(Collected data Opens)

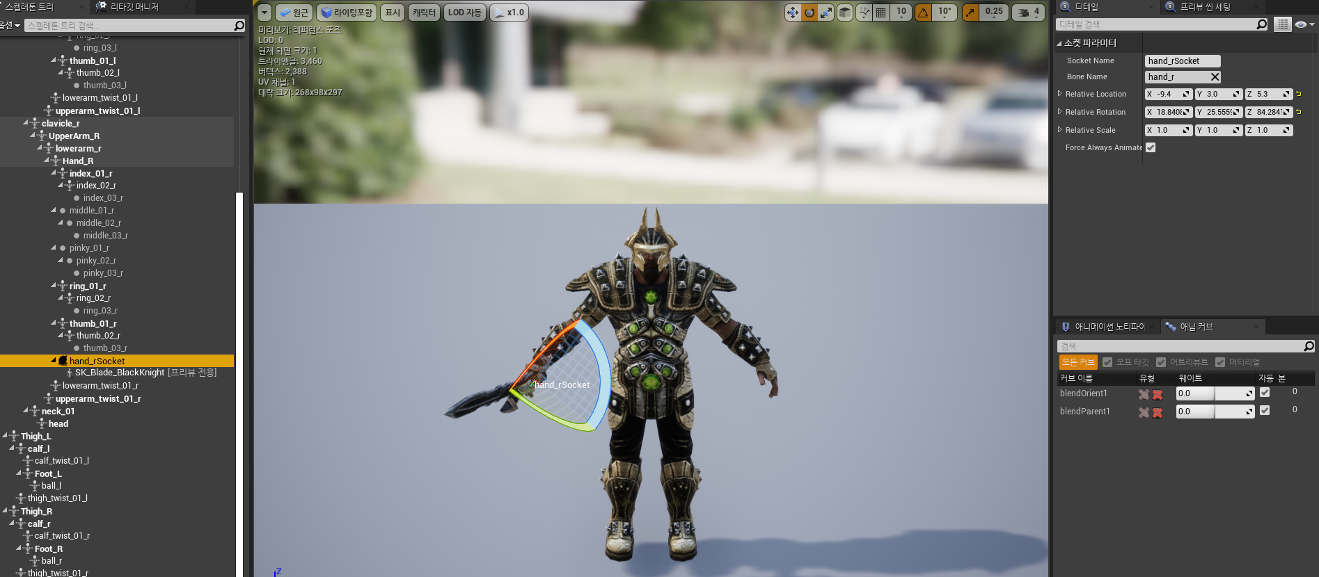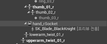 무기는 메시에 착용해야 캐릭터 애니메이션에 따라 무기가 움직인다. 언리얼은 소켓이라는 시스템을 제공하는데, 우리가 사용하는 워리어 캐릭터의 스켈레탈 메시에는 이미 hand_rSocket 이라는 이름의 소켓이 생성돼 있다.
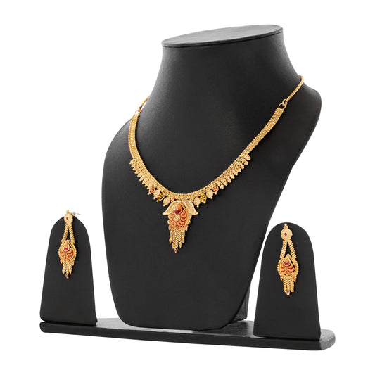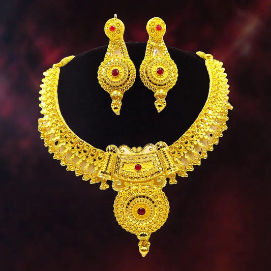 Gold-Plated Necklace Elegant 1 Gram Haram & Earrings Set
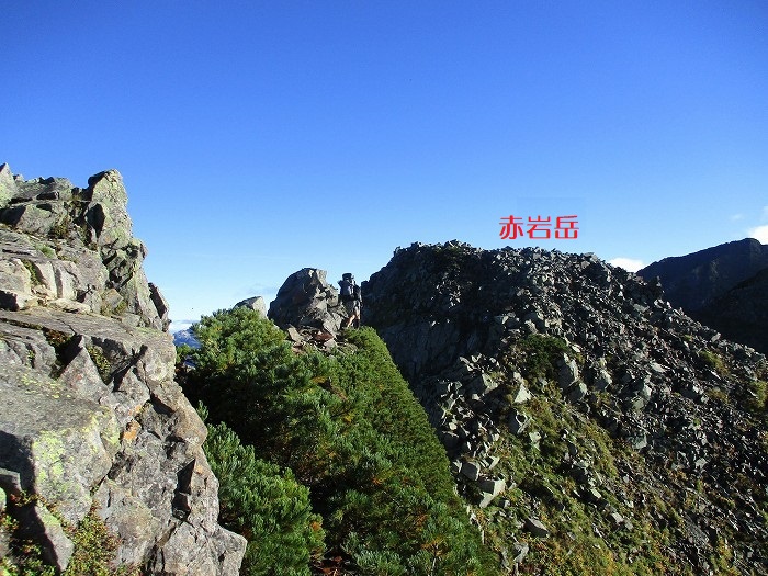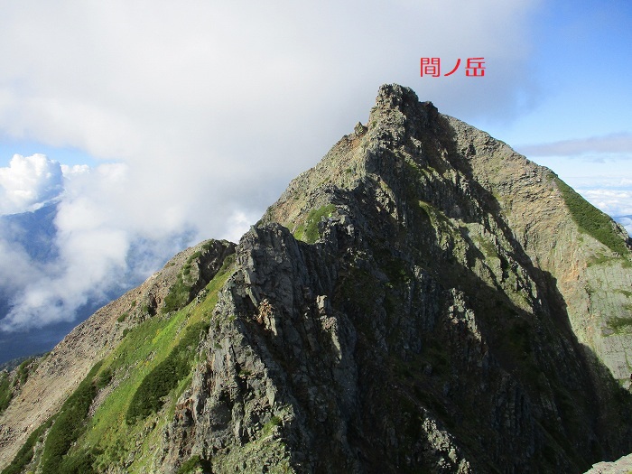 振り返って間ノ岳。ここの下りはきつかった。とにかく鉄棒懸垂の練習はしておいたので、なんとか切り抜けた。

(Collected data Closes)

Could you write out the whole listing exactly, dropping the pictures?

- [Reply]:
 무기는 메시에 착용해야 캐릭터 애니메이션에 따라 무기가 움직인다. 언리얼은 소켓이라는 시스템을 제공하는데, 우리가 사용하는 워리어 캐릭터의 스켈레탈 메시에는 이미 hand_rSocket 이라는 이름의 소켓이 생성돼 있다.
 Gold-Plated Necklace Elegant 1 Gram Haram & Earrings Set
 振り返って間ノ岳。ここの下りはきつかった。とにかく鉄棒懸垂の練習はしておいたので、なんとか切り抜けた。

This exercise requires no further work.